We see three scenarios (and recommendations) with winter-damaged alfalfa stands:
1. patchy, usually topography-related, winterkill (love ‘em)
2. fairly uniform injury or thinning (leave ‘em)
3. too damaged to keep (level ‘em)
Love ‘em
Fields with patchy winterkill are often worth working with for at least another year, especially if high-quality forage inventories are low. Large winter-killed areas should be fairly easy to fix. Non-heading Italian ryegrass, seeded at 10 to 20 pounds per acre, is probably the best bet for haylage acreages. In Wisconsin research, Dr. Ken Albrecht has documented that some ryegrass varieties marketed as Italian types can head during the seeding year. While heading may offer some drying rate advantages, non-heading Italians will have higher forage quality and thus be a better fit for dairy cows.

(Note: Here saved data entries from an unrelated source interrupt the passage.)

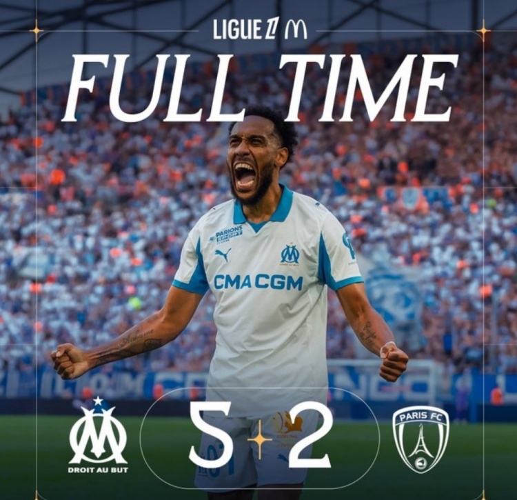 8月24日讯 法甲第二轮比赛,奥巴梅扬梅开二度,马赛主场5-2击败巴黎FC。
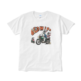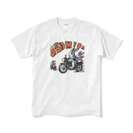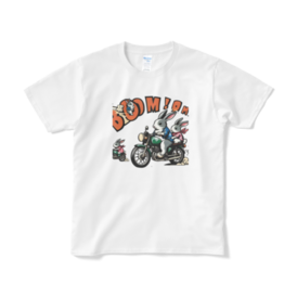 Tシャツ(短納期) - XL - ホワイトうさぎファミリーがバイクで疾走する姿は、まるで夢の中の冒険のよう! この商品はpixivFACTORYで作られた商品です。サンプル画像は完成イメージのため、実物と異なる場合があります。
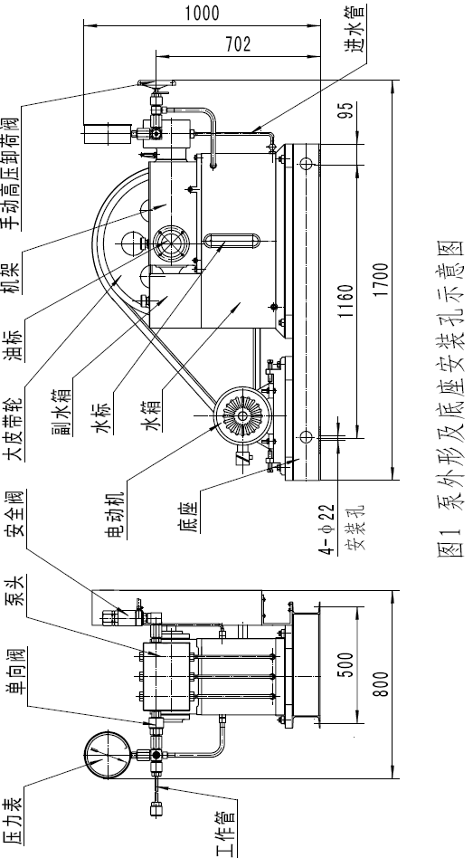 本泵為臥式三柱塞泵,由電動機、皮帶輪、動力端、泵頭和底座等組成。(圖1)

In addition to non-heading Italian ryegrass, 0.5 to 0.75 bushel per acre of a small grain would provide quicker cover and weed control and boost first-cutting yield. For milk cows, wheat would likely provide the most palatable silage, followed by oats, then barley. The grass component of subsequent haylage crops will be Italian ryegrass dominant (yield distribution data here).
A no-till drill will provide most consistent results, but a standard drill should work if the ground is still fairly soft. Some light tillage in these areas before seeding can help. However, care must be taken to attempt to minimize traffic over the good alfalfa areas of the field. Wheel traffic will break many shoots and reduce first-cutting yield potential.
Leave ‘em
If your high-quality forage inventory is low, the best option for stands that are fairly uniformly thinned or weakened may be to leave them be for at least a first cutting. Attempting to interseed something into these stands may not yield much. Existing shoots will be damaged by the traffic, and several Wisconsin studies have demonstrated little benefit to interseeding into these stands.
In general, more than 55 stems per square foot are needed for high yield potential. Between 40 and 55 stems per square foot is the gray area where this recommendation applies, perhaps even down as low as 30 to 35 stems per square foot if short-term forage supply is really low. If you think there’s a possibility you may want to keep the stand beyond first cutting, let the first cut mature a little more to restore more root reserves and cut a little high if you see second-crop shoots emerging from the crowns.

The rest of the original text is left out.